§ Aim of the exercise: Return only the lines from the top of the data down to the one that holds "100 шт./лот метрической", both included, without any pictures.

§ Given data:
▼

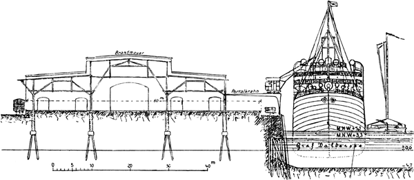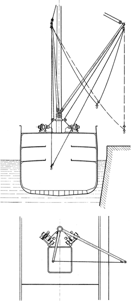 Fig. 16 (entnommen aus Beck S. 447) stellt zwei Wand-Drehkrane vor, von denen der eine an einem Gebäude, der andere an einem Strebenwerk gelagert ist. Letzterer ist so aufgestellt, daß er die Umladung aus Schiffen eines tiefliegenden Kanals in einen hochliegenden bewirken kann: er ersetzt also bis zu einem gewissen Grade eine Schleuse.
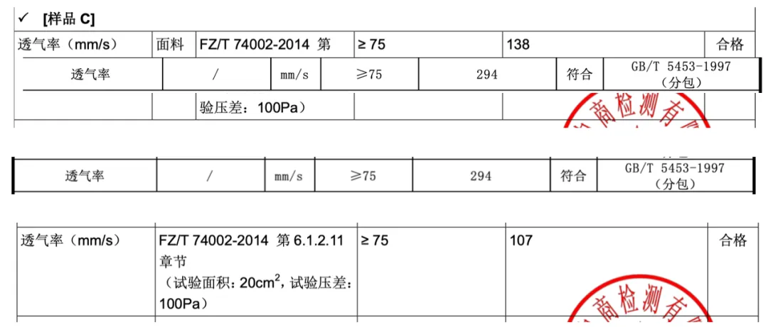 实测下来透气率全部超过 75 mm/s,大大高于国家标准。就算进行中高强度运动,也不用担心捂出一股子酸汗味了~
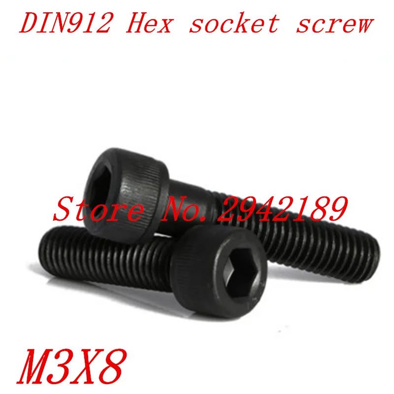 100 шт./лот метрической резьбой DIN912 M3x8 мм M3 * 8 мм черный Класс 12,9 сплав Сталь с шестигранной головкой Кепки болты
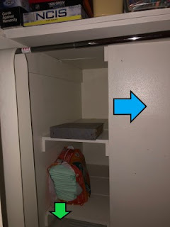 I inadvertently started with the hall closet a couple of weeks ago. One of the hall closets surrounds our master bedroom shower stall on two sides. The result being--we have a closet with a very deep left side that I can't quite reach the back of. Like one of those under-bed storage containers will fit length-wise!

▲

§ Answer:
 Fig. 16 (entnommen aus Beck S. 447) stellt zwei Wand-Drehkrane vor, von denen der eine an einem Gebäude, der andere an einem Strebenwerk gelagert ist. Letzterer ist so aufgestellt, daß er die Umladung aus Schiffen eines tiefliegenden Kanals in einen hochliegenden bewirken kann: er ersetzt also bis zu einem gewissen Grade eine Schleuse.
 实测下来透气率全部超过 75 mm/s,大大高于国家标准。就算进行中高强度运动,也不用担心捂出一股子酸汗味了~
 100 шт./лот метрической резьбой DIN912 M3x8 мм M3 * 8 мм черный Класс 12,9 сплав Сталь с шестигранной головкой Кепки болты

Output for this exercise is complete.